--- SOURCE DATA Enclosed Below ---

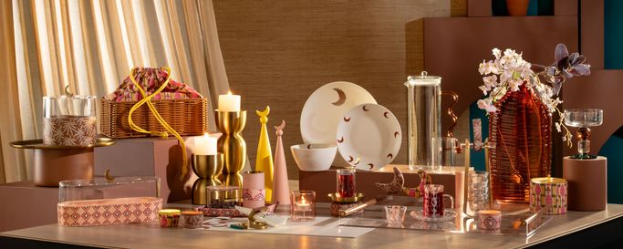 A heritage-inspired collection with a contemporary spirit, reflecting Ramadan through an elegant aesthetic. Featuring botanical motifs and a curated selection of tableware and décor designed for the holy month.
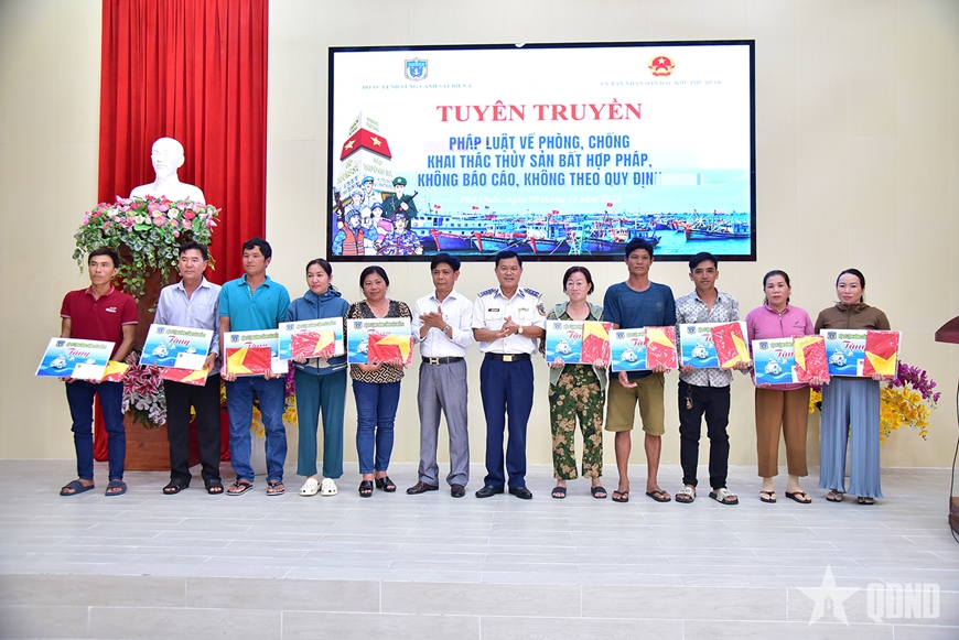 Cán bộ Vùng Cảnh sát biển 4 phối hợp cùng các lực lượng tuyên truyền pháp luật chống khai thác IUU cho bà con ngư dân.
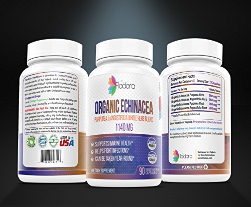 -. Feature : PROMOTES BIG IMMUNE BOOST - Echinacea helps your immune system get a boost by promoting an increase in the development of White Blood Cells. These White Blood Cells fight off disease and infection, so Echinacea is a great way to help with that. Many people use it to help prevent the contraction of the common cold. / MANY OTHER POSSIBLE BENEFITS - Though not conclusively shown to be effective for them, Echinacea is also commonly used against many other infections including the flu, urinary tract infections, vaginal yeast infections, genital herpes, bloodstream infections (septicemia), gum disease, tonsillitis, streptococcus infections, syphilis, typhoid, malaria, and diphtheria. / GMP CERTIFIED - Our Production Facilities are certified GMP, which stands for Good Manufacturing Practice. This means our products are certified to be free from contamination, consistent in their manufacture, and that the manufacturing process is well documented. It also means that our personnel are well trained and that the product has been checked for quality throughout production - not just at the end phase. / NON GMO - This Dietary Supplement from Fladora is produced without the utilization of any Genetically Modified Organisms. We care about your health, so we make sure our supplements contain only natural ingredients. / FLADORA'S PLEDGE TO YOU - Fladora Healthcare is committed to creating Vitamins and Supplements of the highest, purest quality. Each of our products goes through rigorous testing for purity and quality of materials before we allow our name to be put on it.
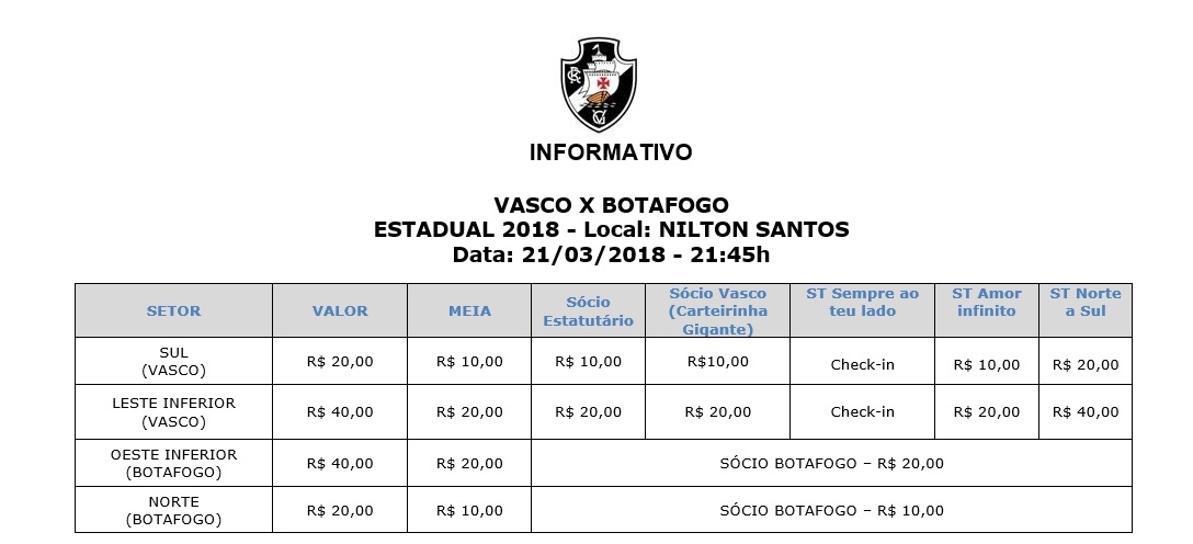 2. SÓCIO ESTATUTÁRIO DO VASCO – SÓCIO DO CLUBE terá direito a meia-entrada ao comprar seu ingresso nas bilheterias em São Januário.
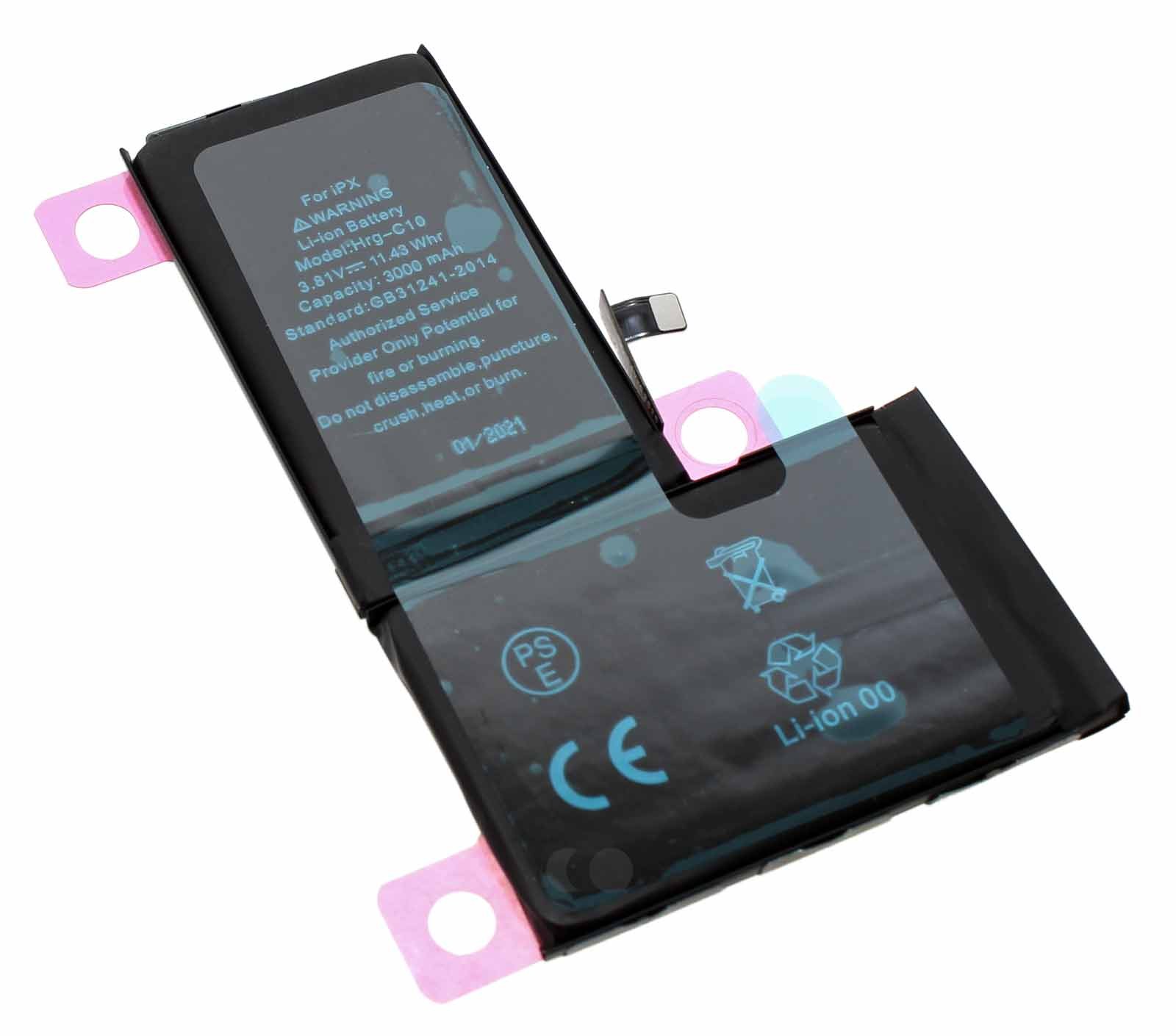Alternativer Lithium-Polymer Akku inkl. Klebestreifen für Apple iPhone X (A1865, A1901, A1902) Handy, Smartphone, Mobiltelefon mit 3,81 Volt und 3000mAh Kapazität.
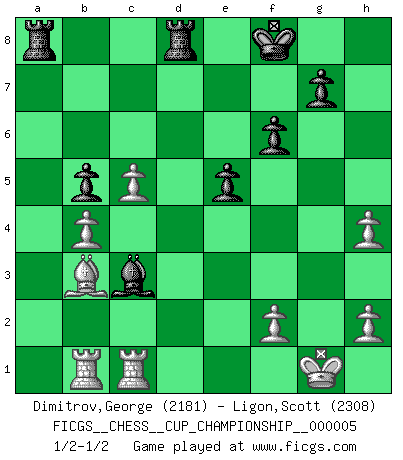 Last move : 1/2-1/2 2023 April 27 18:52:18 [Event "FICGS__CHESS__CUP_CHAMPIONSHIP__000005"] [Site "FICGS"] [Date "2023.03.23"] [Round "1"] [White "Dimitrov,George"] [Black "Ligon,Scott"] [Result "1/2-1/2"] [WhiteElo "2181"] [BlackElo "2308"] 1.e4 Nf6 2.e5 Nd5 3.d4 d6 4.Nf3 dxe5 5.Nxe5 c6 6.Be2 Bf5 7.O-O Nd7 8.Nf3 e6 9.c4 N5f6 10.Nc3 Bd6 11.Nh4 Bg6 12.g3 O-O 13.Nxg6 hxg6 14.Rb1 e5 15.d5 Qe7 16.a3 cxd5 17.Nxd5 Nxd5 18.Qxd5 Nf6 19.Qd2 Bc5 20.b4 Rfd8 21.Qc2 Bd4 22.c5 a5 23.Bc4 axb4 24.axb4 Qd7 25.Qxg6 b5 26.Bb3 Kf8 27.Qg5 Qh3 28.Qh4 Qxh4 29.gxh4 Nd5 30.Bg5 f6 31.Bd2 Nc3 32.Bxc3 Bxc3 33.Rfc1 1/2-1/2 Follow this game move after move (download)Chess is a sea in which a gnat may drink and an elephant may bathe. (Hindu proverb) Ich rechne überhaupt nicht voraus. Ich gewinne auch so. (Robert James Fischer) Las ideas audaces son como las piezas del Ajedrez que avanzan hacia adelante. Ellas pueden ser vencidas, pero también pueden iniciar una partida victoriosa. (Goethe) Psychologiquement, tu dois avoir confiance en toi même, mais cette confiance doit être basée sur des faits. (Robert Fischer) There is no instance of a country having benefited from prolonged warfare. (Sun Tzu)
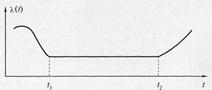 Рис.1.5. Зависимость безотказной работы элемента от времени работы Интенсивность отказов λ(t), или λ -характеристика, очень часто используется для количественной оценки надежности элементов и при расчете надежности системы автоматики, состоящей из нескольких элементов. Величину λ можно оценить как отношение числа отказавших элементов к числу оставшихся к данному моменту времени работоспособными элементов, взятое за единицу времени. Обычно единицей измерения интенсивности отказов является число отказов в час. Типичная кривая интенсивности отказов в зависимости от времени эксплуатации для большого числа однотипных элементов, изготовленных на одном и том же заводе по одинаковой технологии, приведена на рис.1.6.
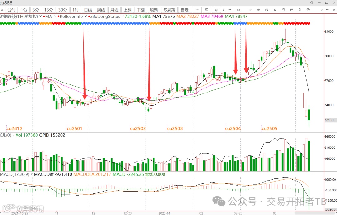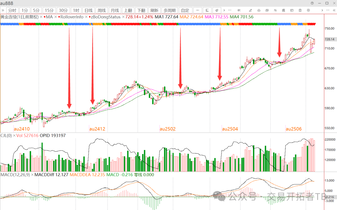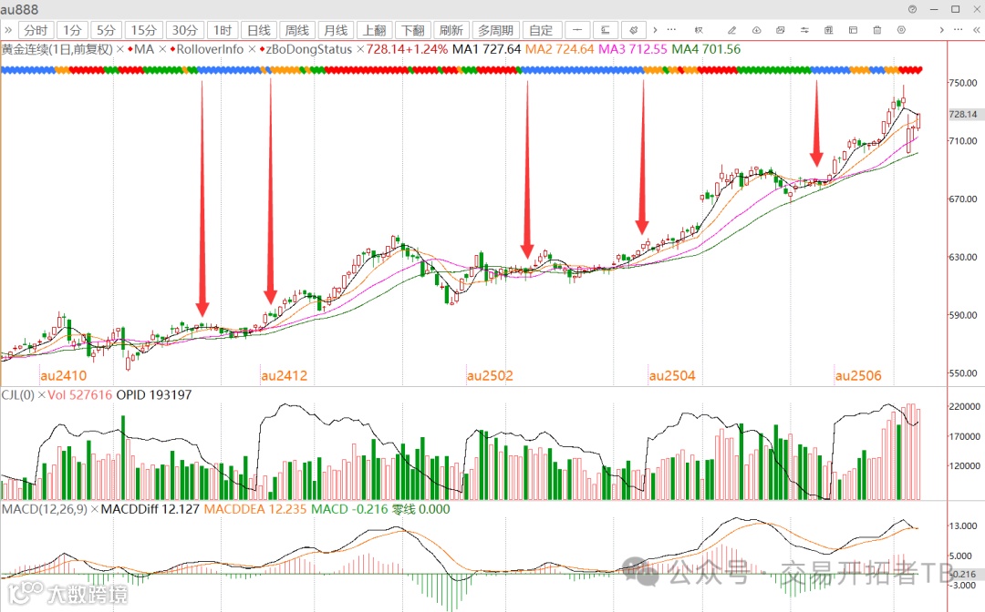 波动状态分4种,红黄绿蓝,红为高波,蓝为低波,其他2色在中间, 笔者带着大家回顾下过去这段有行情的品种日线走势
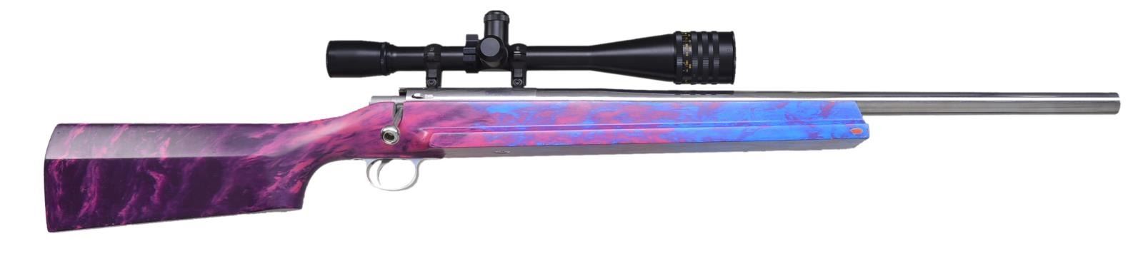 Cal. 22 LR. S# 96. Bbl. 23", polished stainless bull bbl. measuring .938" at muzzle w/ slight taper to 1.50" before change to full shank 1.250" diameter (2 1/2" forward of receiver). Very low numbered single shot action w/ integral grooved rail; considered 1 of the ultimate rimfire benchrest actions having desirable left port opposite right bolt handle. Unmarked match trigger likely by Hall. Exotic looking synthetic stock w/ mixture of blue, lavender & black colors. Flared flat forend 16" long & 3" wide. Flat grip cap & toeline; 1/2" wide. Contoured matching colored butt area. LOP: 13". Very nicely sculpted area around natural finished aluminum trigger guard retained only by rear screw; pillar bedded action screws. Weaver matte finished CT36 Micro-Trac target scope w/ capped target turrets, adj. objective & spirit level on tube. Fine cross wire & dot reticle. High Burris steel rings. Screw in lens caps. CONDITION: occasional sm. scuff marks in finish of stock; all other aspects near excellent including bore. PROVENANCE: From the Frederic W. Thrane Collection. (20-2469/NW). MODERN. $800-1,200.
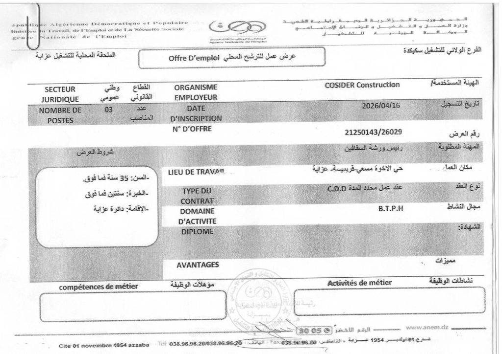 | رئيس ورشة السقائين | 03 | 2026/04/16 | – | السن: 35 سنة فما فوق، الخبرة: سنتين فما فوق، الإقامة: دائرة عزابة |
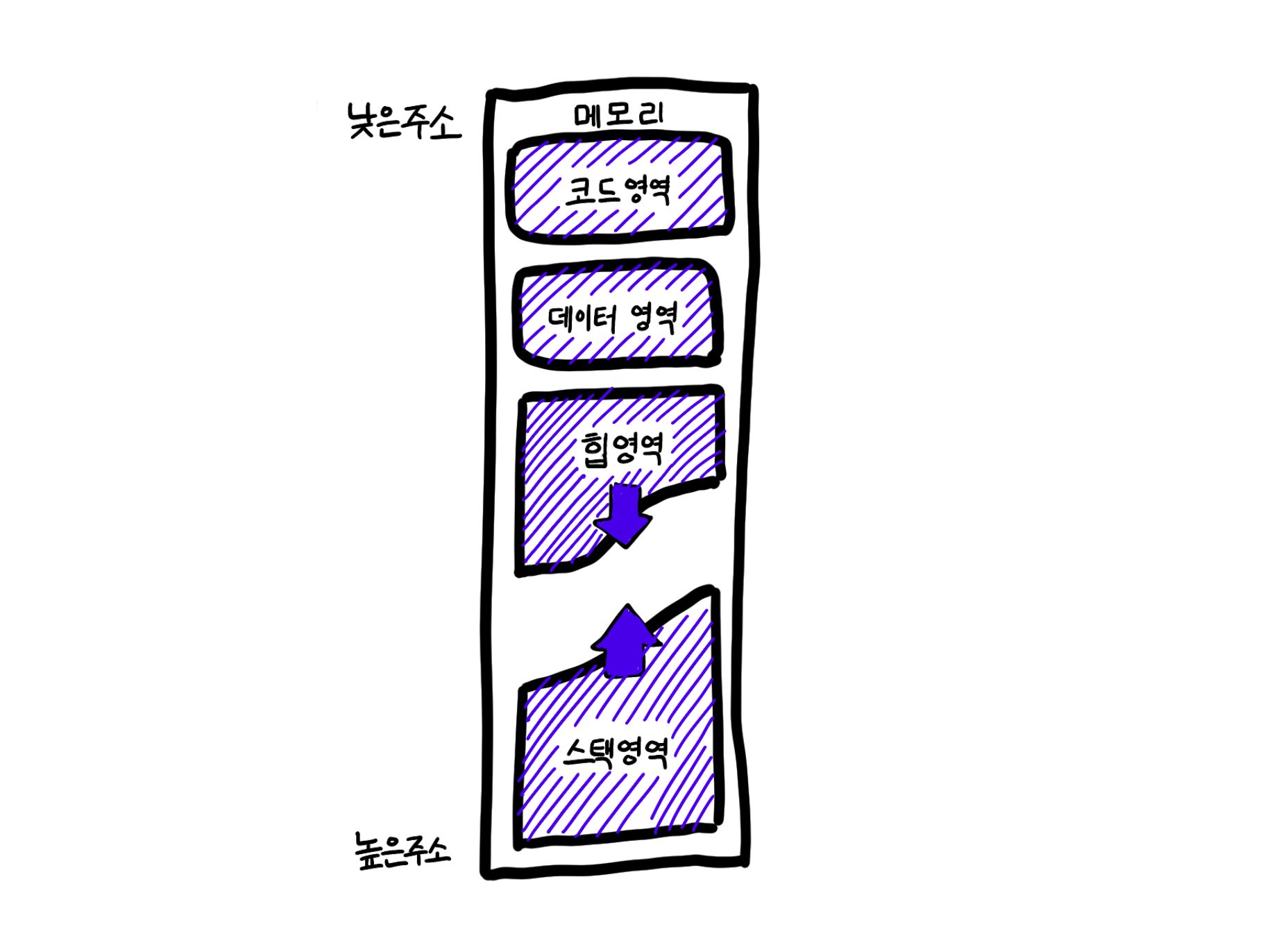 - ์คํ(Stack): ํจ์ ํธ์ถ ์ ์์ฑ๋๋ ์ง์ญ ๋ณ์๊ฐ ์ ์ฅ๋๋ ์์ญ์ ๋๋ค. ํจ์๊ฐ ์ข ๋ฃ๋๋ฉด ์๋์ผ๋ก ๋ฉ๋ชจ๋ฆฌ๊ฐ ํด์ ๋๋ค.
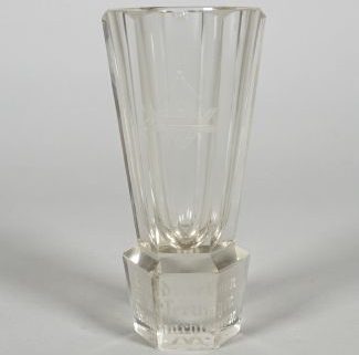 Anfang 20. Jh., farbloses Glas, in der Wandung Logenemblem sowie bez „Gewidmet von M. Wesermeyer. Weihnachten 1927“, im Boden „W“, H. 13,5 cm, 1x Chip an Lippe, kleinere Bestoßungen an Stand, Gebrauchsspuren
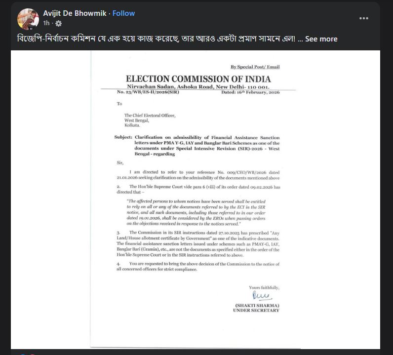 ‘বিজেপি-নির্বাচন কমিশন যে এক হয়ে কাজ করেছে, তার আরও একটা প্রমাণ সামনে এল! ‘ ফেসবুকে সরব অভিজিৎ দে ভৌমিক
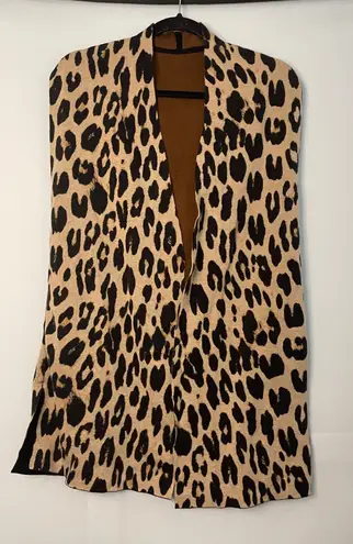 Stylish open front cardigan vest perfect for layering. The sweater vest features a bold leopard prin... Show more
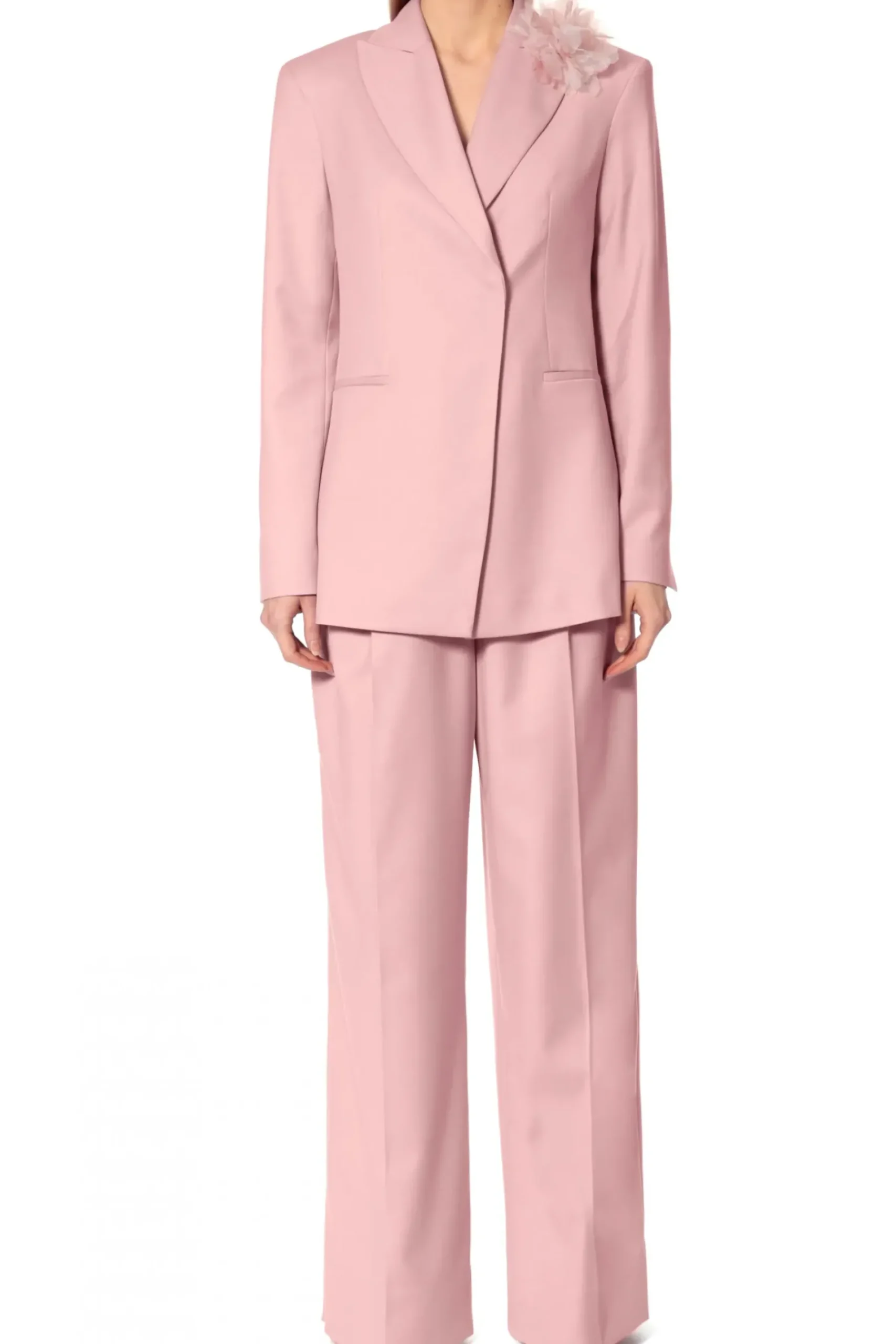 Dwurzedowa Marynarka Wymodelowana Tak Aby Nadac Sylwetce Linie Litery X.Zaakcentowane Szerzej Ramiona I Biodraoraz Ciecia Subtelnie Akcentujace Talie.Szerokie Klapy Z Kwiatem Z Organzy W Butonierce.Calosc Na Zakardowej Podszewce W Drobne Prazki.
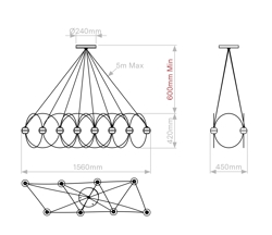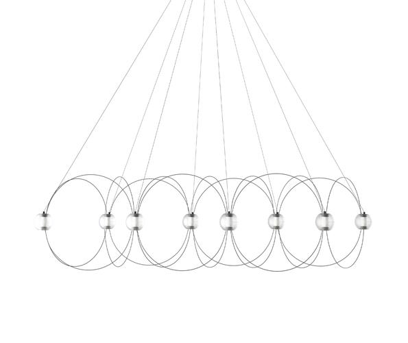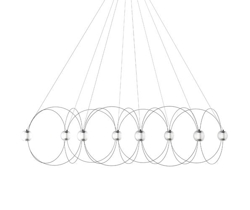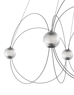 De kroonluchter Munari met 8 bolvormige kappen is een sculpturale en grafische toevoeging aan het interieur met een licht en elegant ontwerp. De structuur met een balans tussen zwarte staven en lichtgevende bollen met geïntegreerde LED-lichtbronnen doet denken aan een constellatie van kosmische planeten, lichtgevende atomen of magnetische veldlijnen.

--- End of Enclosed SOURCE DATA ---

> PROBLEM STATEMENT:
In the answer, include exactly the lines from the top of the entries through the line containing "Cán bộ Vùng", and nothing else, not even the pictures.

> THE COMPLETED TASK:
 A heritage-inspired collection with a contemporary spirit, reflecting Ramadan through an elegant aesthetic. Featuring botanical motifs and a curated selection of tableware and décor designed for the holy month.
 Cán bộ Vùng Cảnh sát biển 4 phối hợp cùng các lực lượng tuyên truyền pháp luật chống khai thác IUU cho bà con ngư dân.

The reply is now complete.